■ YOUR OBJECTIVE:
Output the run of lines that opens with the first line of the material below and closes with the line containing "Bring a beautiful", both included, and drop the pictures.

--

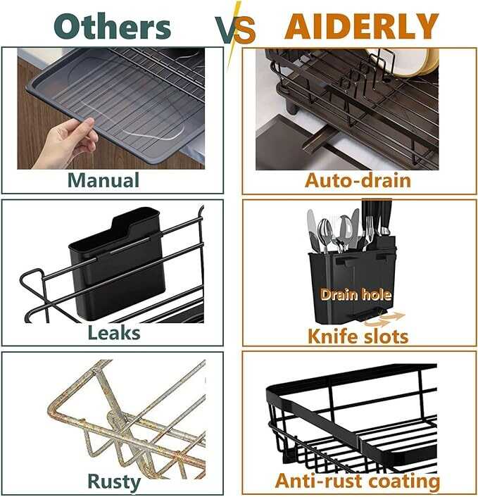 • Easy to Assemble: Packed with racks, water collector tray, utensil holder, knife slot, and drainage board feet, Only took 5 minutes or less to get it all put together, no extra tools needed
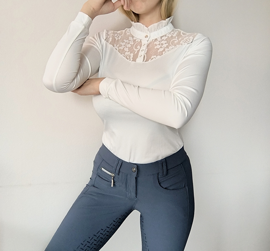 Koszulka konkursowa Jh collection. Kremowo śmietankowo. To nie czysta biel,a tony beżowe. Szukasz wyjątkowej koszuli? Takiej która robi wrażenie? Zerknij właśnie na tą koszule od Jh. Przyciąga każde oko. Ma piękną koronkę która wyróżnia koszule na tle innych. Ponadto nie gryzie ona i nie drapie. Materiał jest ultra przyjemny dla skóry, pięknie dopasowuje się do sylwetki ciała. Nie odstaje. Zdecydowanie warta polecenia. Stan bardzo dobry. Do ewentualnego przeprania Rozm XS szerokość 40 cm x2 mocno się rozciąga, dl całkowita od ramienia i rękawa 60 cm
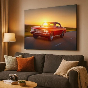 Tablou pe pânză Canvas - O mașină roșie la apusul soarelui pe un drum deschis - 70x50cm - Tentația este roșie - Decorațiune modernă pentru perete pentru living și dormitor ARTTOR
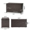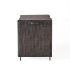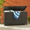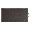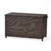 Bring a beautiful and practical accent to your outdoor space with this small brown wicker cushion box from. Protect your outdoor cushions from harmful sun or rain while maintaining easy access to your items with the lift-open lid.. . Use the side handles and wheels on this outdoor cushion box to move it where its needed most, or to bring it to a garage space to store your items for the season. Made with a sturdy aluminum frame, this storage box holds up to 25 pounds, allowing you to clear your patio area of items that aren’t frequently used.
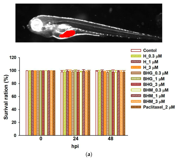 Helenalin, BHM, and BHG suppressed TNBC tumor growth in the xenotransplantation model. (a) The intensity of fluorescence was proportional to tumor size. There was no observable toxicity at 48 hpi after each compound treatment. P denoted as paclitaxel (positive control). (b) The MDA-MB-231 xenotransplantation model was treated in the presence and absence of test compounds, and helenalin, BHM, and BHG significantly inhibited tumor growth after 48 h of treatment. # p < 0.05 compared with the control; * p < 0.05 compared with control cells treated with test compounds. hpi: hours post-treatment or post-injection.

--

■ TASK OUTPUT:
 • Easy to Assemble: Packed with racks, water collector tray, utensil holder, knife slot, and drainage board feet, Only took 5 minutes or less to get it all put together, no extra tools needed
 Koszulka konkursowa Jh collection. Kremowo śmietankowo. To nie czysta biel,a tony beżowe. Szukasz wyjątkowej koszuli? Takiej która robi wrażenie? Zerknij właśnie na tą koszule od Jh. Przyciąga każde oko. Ma piękną koronkę która wyróżnia koszule na tle innych. Ponadto nie gryzie ona i nie drapie. Materiał jest ultra przyjemny dla skóry, pięknie dopasowuje się do sylwetki ciała. Nie odstaje. Zdecydowanie warta polecenia. Stan bardzo dobry. Do ewentualnego przeprania Rozm XS szerokość 40 cm x2 mocno się rozciąga, dl całkowita od ramienia i rękawa 60 cm
 Tablou pe pânză Canvas - O mașină roșie la apusul soarelui pe un drum deschis - 70x50cm - Tentația este roșie - Decorațiune modernă pentru perete pentru living și dormitor ARTTOR
 Bring a beautiful and practical accent to your outdoor space with this small brown wicker cushion box from. Protect your outdoor cushions from harmful sun or rain while maintaining easy access to your items with the lift-open lid.. . Use the side handles and wheels on this outdoor cushion box to move it where its needed most, or to bring it to a garage space to store your items for the season. Made with a sturdy aluminum frame, this storage box holds up to 25 pounds, allowing you to clear your patio area of items that aren’t frequently used.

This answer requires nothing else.